Depression is a confusing, debilitating illness. Increasingly, researchers are looking at the way certain lifestyle factors may contribute to its symptoms. According to research, 1 in 5 women and 1 in 8 men will experience depression. Only about a third will access treatment. Increasingly, researchers are looking at the way certain lifestyle factors may contribute to, and ease, its symptoms.
A new study, published in the journal Psychiatry Research, has found that people with low levels of vitamin D are more likely to have depression.
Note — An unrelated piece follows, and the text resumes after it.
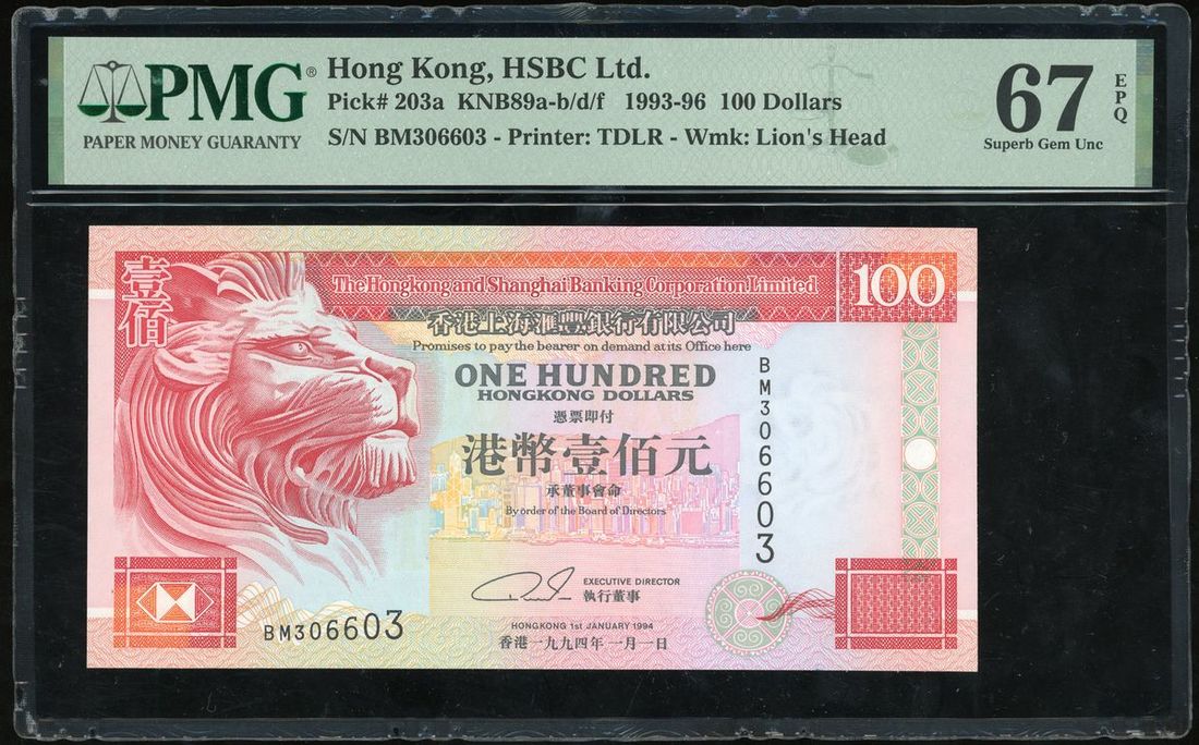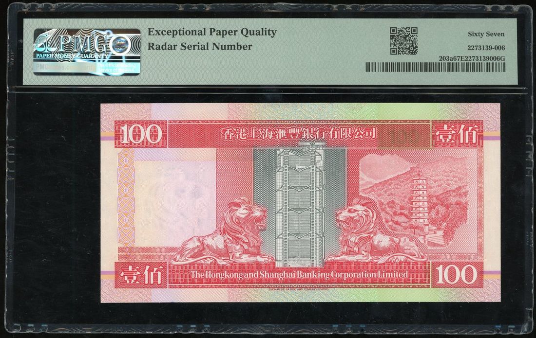 Hongkong and Shanghai Banking Corporation, $100, 1.1.1994, radar serial number BM306603, (Pick 203a), PMG 67EPQ Superb Gem Uncirculated.

The connection between vitamin D deficiency and depression is particularly significant for young women.
The effect of the vitamin D deficiency on depression still stood, even when other potential contributing factors were taken into account, such as time of year, race/ethnicity, diet, BMI, exercise, and time spent outside.
The body loves Vitamin D for all sorts of reasons, and the mind also needs its share. As well as being important for mental health, adequate levels of vitamin D are also needed to maintain bone health, muscle function and immune function. Low levels of vitamin D have been associated with some types of cancer and cardiovascular disease.
Let’s talk about the research.
The study involved 185 college students. All were women aged between 18-25 and they took part in the study at different times during the year.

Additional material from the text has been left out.